Ahead of International Women’s Day tomorrow, Simplify Consulting’s Kirstin Brooks reminds us that when discussing financial equity, the gender pension gap can often get overlooked
On average, women live longer than men so require a more substantial pension pot to ensure that they have enough funds to cover their life expectancy.
Unfortunately, data shows that this is not just a problem for older married women with smaller pots. The gender pay gap already starts to appear in the 30-44 age group, which further highlights the need for earlier intervention. Kirstin Brooks, Business Support Manager at Simplify Consulting looks into the reasons for the gap and what the industry can do about it.
Mind the gap
There is an array of reasons for the gender pension gap.
Firstly, caregiving responsibilities has played a big part. In the past women have tended to be the main caregivers supporting their families, resulting in working less hours and saving less for their pension.
Families are also in the position that due to high childcare costs, women are not returning to work as their wages would not cover the costs. Women typically spend 10 years away from the workforce, to start families, care for children and other relatives.
Secondly, wage disparities have set women back. Despite progress being made in closing the gender pay gap, there are still disparities in salaries. Women still earn less than men and this is still the case in the 30-40 age bracket, therefore the amount that women are contributing to their pension pot is not equal to the amount that men contribute.
Thirdly, pensions are excluded in the majority of divorce settlements. Couples tend to settle outside of court and off set the value of pensions against other assets such as the family home. This can result in less of a share in assets as some pension schemes are more valuable than the property. With the no-fault divorces, this could leave less time for parties to seek legal advice, therefore resulting in a disadvantage. It is also the case that many women feel that they cannot afford legal advice but could be losing out on more by not taking the advice. Some Solicitors offer free appointments that could help to understand legal and financial positions. Employee Assistance Programmes often offer financial and legal advice.
What can industry do to bridge the Gender Pension Gap?
There are some legislation changesthat could be made – which includes the removal of the Lower Earnings Limit (LEL) will result in lower-income earners being automatically enrolled into pension schemes. This will allow over 3 million women to start contributing to their pension with employer’s matching the contribution.
Elsewhere, changes could be made to joint and survivor annuities. Women typically live longer than men and considerable amount have small pension savings. For some couples joint and survivor annuities would ensure surviving spouses continue to receive a payment, which can provide peace of mind. Couples can also structure annuities to provide a variety of payout options helping to manage future plans. However, joint and survivor annuities can be complicated, with a low return so getting Financial Advice would be beneficial.

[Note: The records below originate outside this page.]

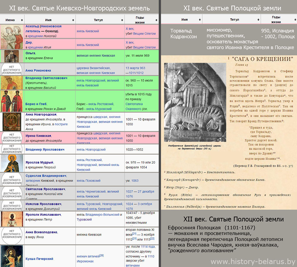 Крещение языческих капищь и первые христианские святые — Ефросиния Полоцкая и Кирилл Туровский.
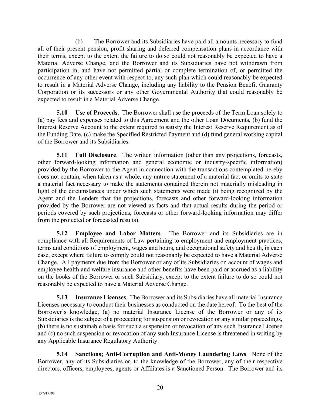 20 [[5791959]] (b) The Borrower and its Subsidiaries have paid all amounts necessary to fund all of their present pension, profit sharing and deferred compensation plans in accordance with their terms, except to the extent the failure to do so could not reasonably be expected to have a Material Adverse Change, and the Borrower and its Subsidiaries have not withdrawn from participation in, and have not permitted partial or complete termination of, or permitted the occurrence of any other event with respect to, any such plan which could reasonably be expected to result in a Material Adverse Change, including any liability to the Pension Benefit Guaranty Corporation or its successors or any other Governmental Authority that could reasonably be expected to result in a Material Adverse Change. 5.10 Use of Proceeds. The Borrower shall use the proceeds of the Term Loan solely to (a) pay fees and expenses related to this Agreement and the other Loan Documents, (b) fund the Interest Reserve Account to the extent required to satisfy the Interest Reserve Requirement as of the Funding Date, (c) make the Specified Restricted Payment and (d) fund general working capital of the Borrower and its Subsidiaries. 5.11 Full Disclosure. The written information (other than any projections, forecasts, other forward-looking information and general economic or industry-specific information) provided by the Borrower to the Agent in connection with the transactions contemplated hereby does not contain, when taken as a whole, any untrue statement of a material fact or omits to state a material fact necessary to make the statements contained therein not materially misleading in light of the circumstances under which such statements were made (it being recognized by the Agent and the Lenders that the projections, forecasts and other forward-looking information provided by the Borrower are not viewed as facts and that actual results during the period or periods covered by such projections, forecasts or other forward-looking information may differ from the projected or forecasted results). 5.12 Employee and Labor Matters. The Borrower and its Subsidiaries are in compliance with all Requirements of Law pertaining to employment and employment practices, terms and conditions of employment, wages and hours, and occupational safety and health, in each case, except where failure to comply could not reasonably be expected to have a Material Adverse Change. All payments due from the Borrower or any of its Subsidiaries on account of wages and employee health and welfare insurance and other benefits have been paid or accrued as a liability on the books of the Borrower or such Subsidiary, except to the extent failure to do so could not reasonably be expected to have a Material Adverse Change. 5.13 Insurance Licenses. The Borrower and its Subsidiaries have all material Insurance Licenses necessary to conduct their businesses as conducted on the date hereof. To the best of the Borrower’s knowledge, (a) no material Insurance License of the Borrower or any of its Subsidiaries is the subject of a proceeding for suspension or revocation or any similar proceedings, (b) there is no sustainable basis for such a suspension or revocation of any such Insurance License and (c) no such suspension or revocation of any such Insurance License is threatened in writing by any Applicable Insurance Regulatory Authority. 5.14 Sanctions; Anti-Corruption and Anti-Money Laundering Laws. None of the Borrower, any of its Subsidiaries or, to the knowledge of the Borrower, any of their respective directors, officers, employees, agents or Affiliates is a Sanctioned Person. The Borrower and its
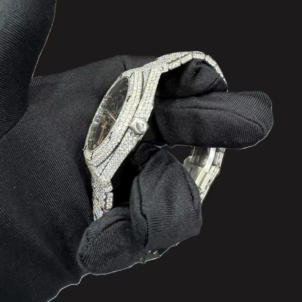 VVS Clarity Miyota Automatic Mechanical Fashion Wristwatch Pass Diamond Tester Custom Black Dial White Tone Moissanite Handmade

Tackling issues like the gender pension gap needs firms to get behind them. Scottish Widow’s Retirement 2023 Report showed that 10% of young women in their 20s have opted out of their pension and are missing opportunities to save early. By the age of 22, 19% of men are paying into their pension compared to 14% of women.
One factor impacting this is the cost-of-living crisis but also some are preferring to spend the money now. Pension providers have started advertising on social media platforms like Tiktok to raise awareness to younger customers and encourage them to start paying into a pension earlier, particularly targeting young women.
Continue contributions during a career break could help tackle the gender pension gap as well. Continuing payments during a career break or increase contributions when returning to work to ensure that the deficit has been filled. A large majority of people are not aware that they can contribute to someone else’s pension regardless of whether they are working or not.
For non-earning spouses a person can contribute up to £2,880 and if working contributions can be made as long as they remain below their annual allowance. Using this option can help to fill the gaps in women’s pension contributions helping to increase their pension pot.
Policies
There are also a number of policies that firms could instigate to bring about change. Regular audits of salary sacrifice policies and processes: Employers should pay particular attention to areas where employees encounter issues during family leave, especially for maternity. Utilise family friendly policies such as flexible working, support the equal share of childcare through parental leave, shared parental pay and additional childcare provision. Employee Financial Education: Employers should educate employees on the benefits of pension contributions, especially highlighting the long-term advantages for women. Offer Financial advice and support through Employee Assistance Programmes.
Conclusion
Our industry can all play a part in reducing the Gender Pension Gap; women can take a more proactive step in making informed choices for their future, employers can offer more guidance/support through family friendly policies, the government can introduce impactful legislation changes and pension providers could market themselves and offer incentives to younger female audiences,
As we approach International Women’s Day –let us as an industry make a change to bridge the gap.